I am doing this and my weight is going down (gratifyingly I seem to have lost 9lbs of the 1st 4lbs of pure flab I put on over Christmas) but I'm finding it really tough. Both physically and psychologically. Physically I STILL don't seem to be in ketosis as I'm still really, really hungry. Looking back, when I did LL I never had a sudden moment when I realised I was in ketosis - I was still hungry but that happened more and more infrequently. But I did produce a rosy pink pee stick way back then. I know I'm not in ketosis now as my pee stick on Sunday was resolutely beige. Sigh. I have been having bits and pieces of protein (not ideal but in an attempt to stop me going majorly mad) but I don't think that would keep me out of ketosis. It's only because I'm feeling so pulled down by being hungry that I care! I'm losing weight, it's kind of irrelevant what colour my week turns a little pad on a cardboard stick!

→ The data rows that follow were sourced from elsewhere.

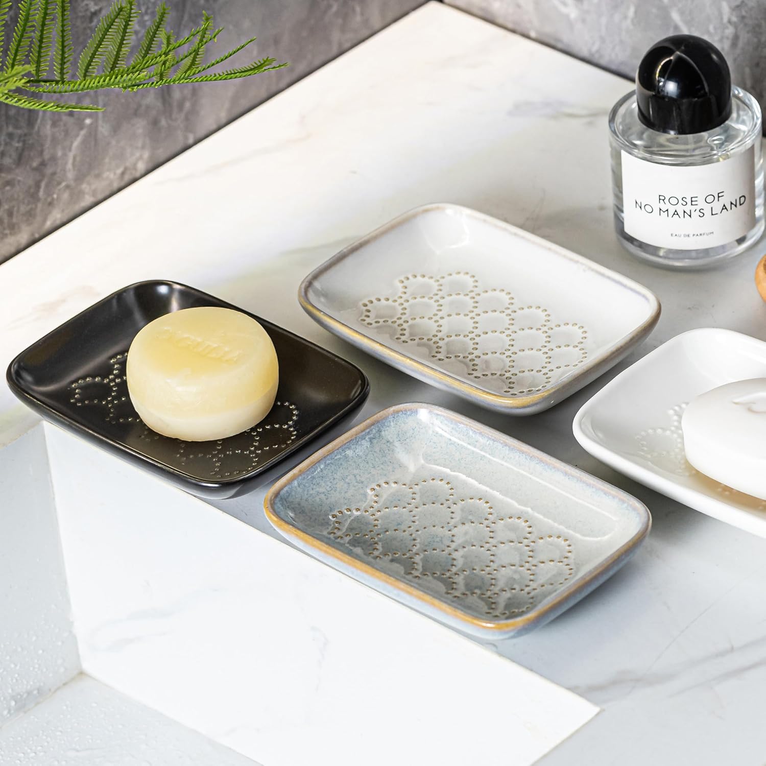 • PREMIUM CERAMIC SOAP DISH: Crafted from premium and enduring ceramic, this soap tray features waterproof, slip-resistant, and heat-resistant properties. Its unglazed bottom ensures the stability of the soap dish and prevents the dish from accidentally slipping into the sink, making it ideal for use on bathroom and kitchen countertops.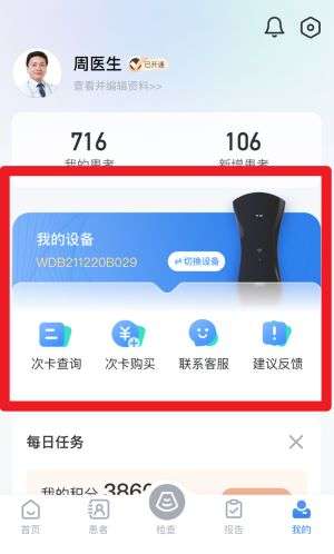 2、在“我的”页面可查看绑定设备与患者数据,支持次卡购买、客服咨询及意见反馈功能。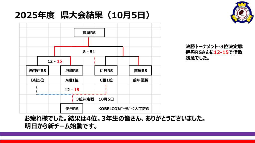 決勝トーナメント・3位決定戦。伊丹RSさんと。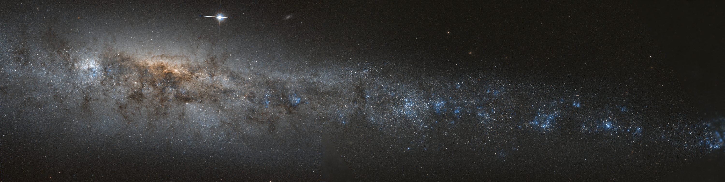 NGC 4631 представляет собой красивую спиральную галактику, рукава которой находятся на расстоянии всего лишь около 30 миллионов световых лет от Земли. Форма этой галактики слегка искажена и из-за ее клиновидности, ее называют галактикой Кита. На этом панорамном виде хорошо выделены темные межзвездные пылевые облака и молодые звездные скопления. Не только ширина NGC 4631, но и ее размер очень схож с нашей галактикой Млечный Путь. Галактика также известна своими выплесками сияний из горячего газа и рентгеновских лучей. Галактика Кита охватывает область размером около 140 тысяч световых лет и может быть видна в телескоп в созвездии Гончие Псы.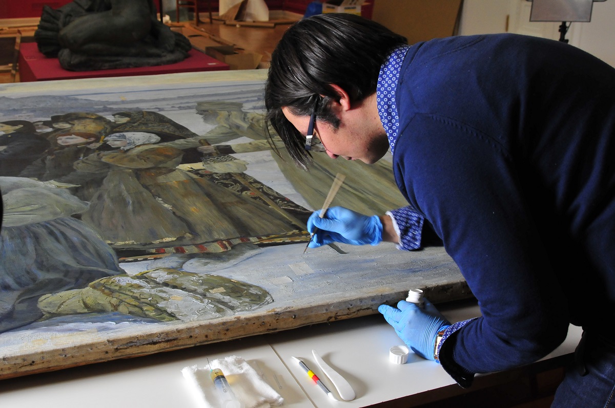 Самые ранние свидетельства о проведении в музее реставрационных работ относятся к 1898 году: тогда наблюдения за сохранностью коллекции «Русского музея Императора Александра III» проводили приглашенные специалисты. 25 апреля 1922 года в Русском музее была открыта первая реставрационная мастерская. Ее сотрудники заложили основу школы реставрации, традиции которой поддерживаются и сегодня, позволяя Русскому музею день за днем подтверждать статус одного из крупнейших в России и мире научно-исследовательских и реставрационных центров.

What I am doing well, is that I've been ill (stick with it, obviously that is not something I'm congratulating myself on). Well, I've now had 3 episodes where my vision has gone all funny - blurry and with absent spots like Swiss cheese (yum). I have migraines but not ever had a problem with vision. It's more scary than anything and the urge to self-medicate with food is immense but I have resisted! Hurrah for me. I have an appointment with my GP for later in the week. I'm not going to mention the diet as it's just something for them to seize upon and blame (curiously, just as they did with overweightedness (yes I know there's no such word)) and the first episode happened before I went back on CD.
From reading other blogs (hello Mrs L and Lesley) we're all grimly battling on. Good for us. I'm rooting for you all.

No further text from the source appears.